と、あり得ないほど強気で、改めて世界は広いなと思い知らされました(笑)
試験結果
結果は数日後にオンラインで発表され、その後、自宅に書類が郵送されます。


はい、ということで彼女の言った通り、無事に「B1」に合格することができました。
ということで間違いなく彼女も合格したことでしょう、なんせ帰り際にハイタッチまでさせられましたからね 😂
東ロンドンで受験したのにスタンプが〝London North〟になっているのは謎ですが、ノースロンドンと言えば我らが「アーセナル」なので全然問題なし、というか逆に嬉しいのでオーケー(笑)
対策
IELTS Life Skills は「リスニング」と「スピーキング」のみで合否が決まるので、一夜漬けで何とかなるものではなく、対策がしづらいです。
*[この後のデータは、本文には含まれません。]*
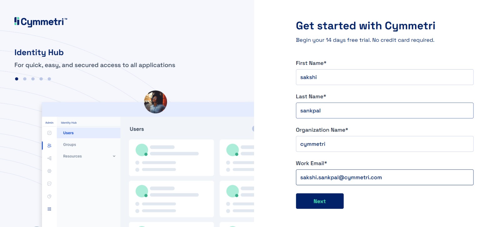 1. Start by clicking on the link [register.cymmetri.io](https://register.cymmetri.io/) to start the registration of your tenant on the Cymmetri Cloud 2.0, and enter your personal details with your work email. Click on Next. &#x20;

それでも英語を使ったコミュニケーションを増やし、それを地道に続けていくことがスキルアップに繋がるはず。
パートナー次第、運ゲー、みたいな意見もありますが、個々の技量が見られていることを考えると、パートナーでなく自分に集中することの方が合格への近道ではないかと感じます。
例えば、レストランでバイトをしていてある特定の人とだけ会話ができない、なんてことはないですからね。必ず色んなお客さんと会話する機会があるわけで、何を言っているか分からなくても、分からないなりに理解しようとするのがコミュニケーションなわけです。
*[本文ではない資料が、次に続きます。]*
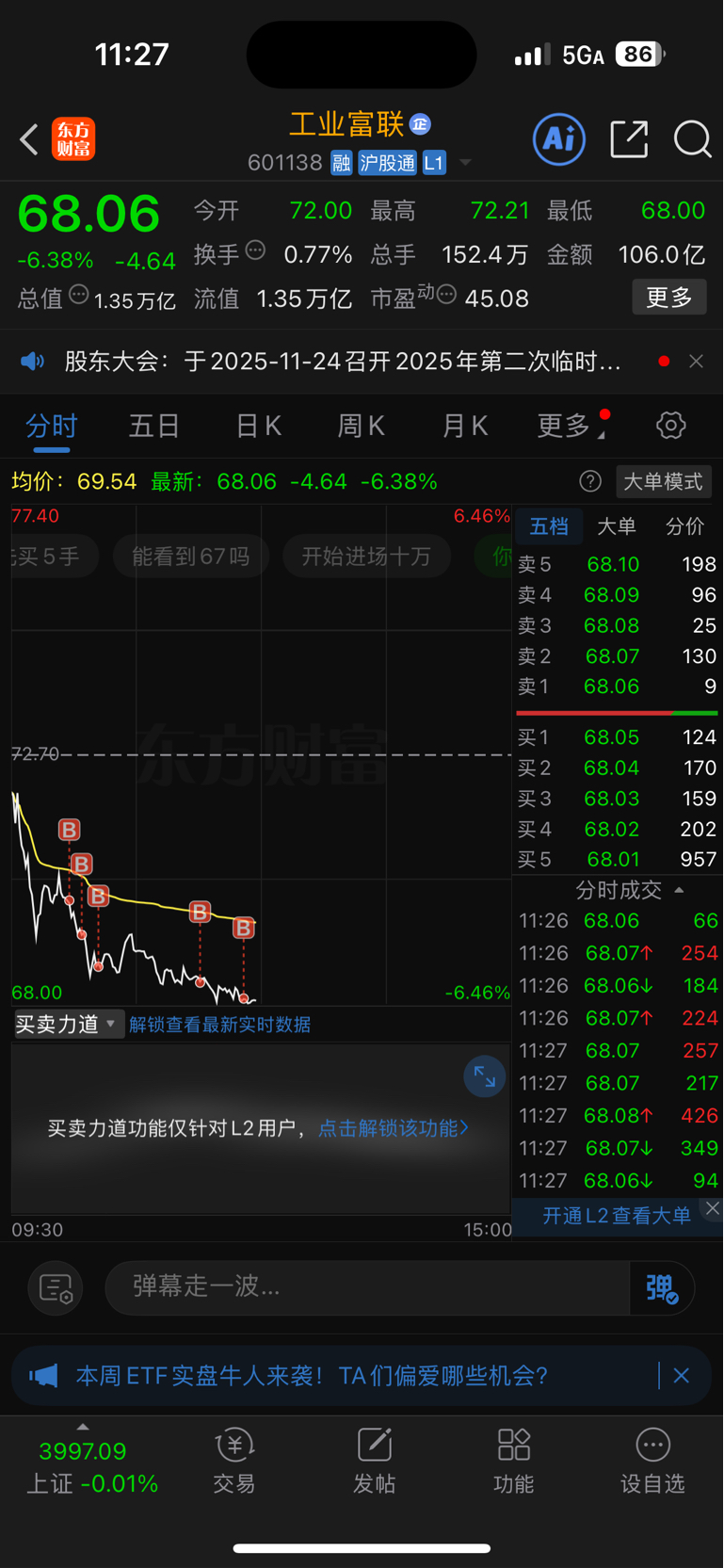 $工业富联(SH601138)$ 稳步下跌,一点反弹都没有

この試験はイギリスで生きていくためのポテンシャルがあるかどうかを確認するものなので、別に分からなくても相手に聞けばオーケーじゃん、とそういう心持ちでいた方がいいんじゃないかと個人的には思っています。
その上で、心構えとして以下の動画を視聴しておくことを勧めます。
A1受験の記事内でも紹介しましたが、IELTS Life Skills について知るにはこの動画が一番です。
試験の雰囲気、大まかな流れ、攻略のヒントになるようなことも話してくれています。自分はA1、B1どちらも受験しましたが、大体こんな感じです。試験官によって多少の違いはあるかもしれませんが、自分の経験だと、本番の試験はこの動画よりもう少しフランクな雰囲気でしたね。
コツは動画内でも言及されている通り、シンプルに、テンポ良く、ラリーを繋ぐように心掛けること。普段通りに話せばいいわけですが、試験ということでスラングを使うのは避けた方がいいでしょう。
IELTS の公式ホームページにはリスニングのサンプルが用意されているので、より詳しく知りたい方はチェックしておくと良いかと思います。


というわけで、無事に更新できた暁にはもう一度全体のプロセスについて書こうと思っているので、それまでしばしお待ちを。